For the lineplots in Figures 4C–4F, we scale the predictions $s_{\text{het}}^{(f)}\{p\}$ for each feature $f$ by subtracting $(s_{\text{het}}^{(f)}\{0\}+s_{\text{het}}^{(f)}\{100\})/2$ from each prediction.

Pruning features before computing feature scores

While investigating the effects of features on predicted $s_{\text{het}}$, we found that including highly correlated features in the model could produce unintuitive results, such as opposite correlations with $s_{\text{het}}$ for highly similar features. Therefore, for Figures 4C–4F, we first pruned the set of features to minimize pairwise correlations between the remaining features. To do this, we randomly kept one feature in each group of correlated features, where such a group is defined as a set of features where each feature in the set has an absolute Spearman $\rho >0.7$ to some other feature in the set.

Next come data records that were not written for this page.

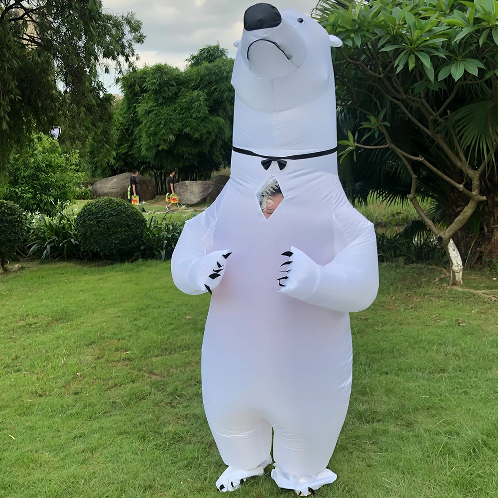 White Polar Bear Inflatable Costume Full Body Animal Halloween Cosplay Costume Carnival Party Performance Disfraz for Men Women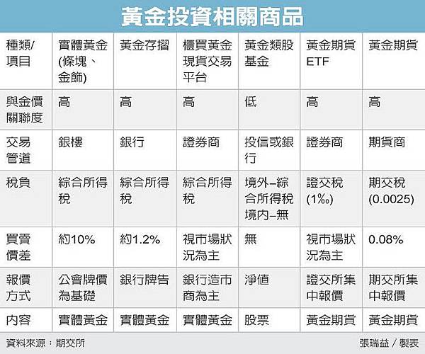 期交所有三種黃金類商品,包括契約規格10盎司的美元計價黃金期貨、10台兩的新台幣計價黃金期貨及5台兩的台幣計價黃金選擇權。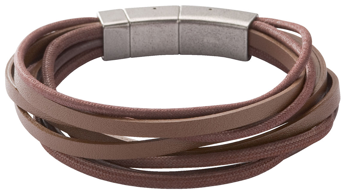 Fossil Multi-Wrap Brown JF86202040 -rannekoru on valmistettu ruostumattomasta teräksestä ja ruskeasta aidosta nahasta. Korun pituus om 20,5 - 22 cm. Fossil-korut toimitetaan valmistajan alkuperäisessä rasiassa.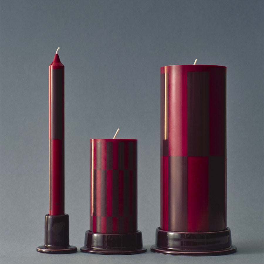 HAY mise sur le motif avec ce set de bougies pattern bleu et bordeaux.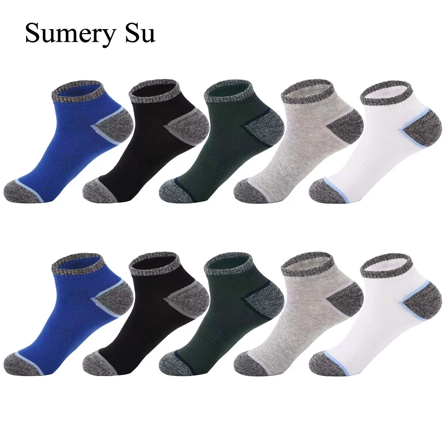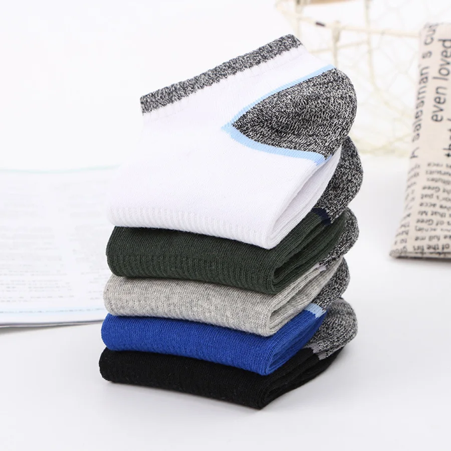 Носки мужские спортивные до щиколотки, хлопковые короткие дышащие, для бега, атлетики, летние, в японском и корейском стиле, 5 партЛот, летние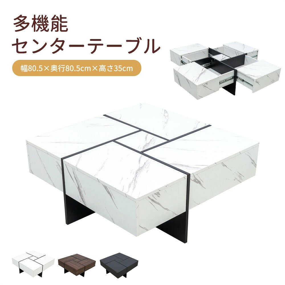 【大容量収納】センターテーブル 収納付き 正方形 大きめ 幅80.5 ローテーブル ロータイプ 隠す収納 引き出し付 収納 大理石調 木目調 テーブル コーヒーテーブル リビングテーブル 食卓テーブル おしゃれ コンパクト 高級感 一人暮らし HINCES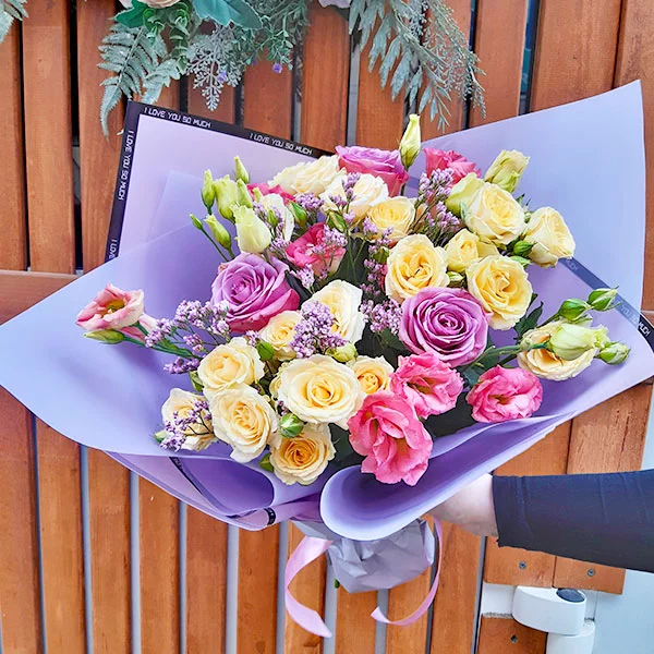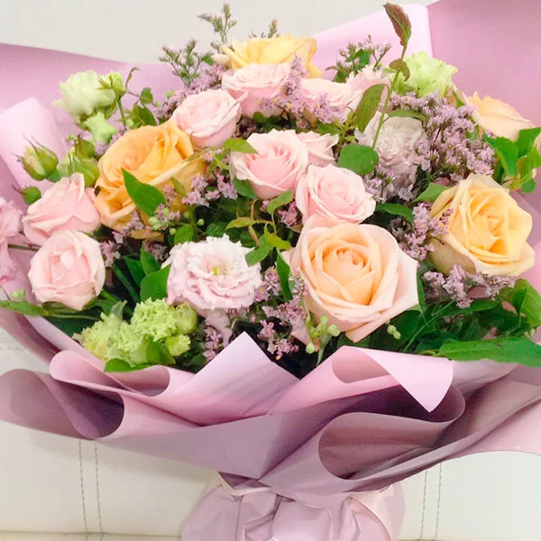 Чарующие и необыкновенные розы сиреневого и кремового оттенка, розовая эустома и фиолетовый лимониум в букете выглядят гармонично, роскошно и привлекательно.

For Figures 4C–4F, we trained models on the relevant features in this pruned set (gene ontology, network, gene regulatory, and gene structure features for Figures 4C, 4D, 4E, and 4F respectively). After feature pruning, we found the directions of effect for the features were consistent with their marginal directions of effect.

Data availability

Posterior means and 95% credible intervals for $s_{\text{het}}$ are available in Supplementary Table 2. Posterior densities for $s_{\text{het}}$ are available in Supplementary Table 3. A description of the gene features is available in Supplementary Table 4. These supplementary tables are also available at [74], along with likelihoods for $s_{\text{het}}$, LOF variants with misannotation probabilities, and gene feature tables.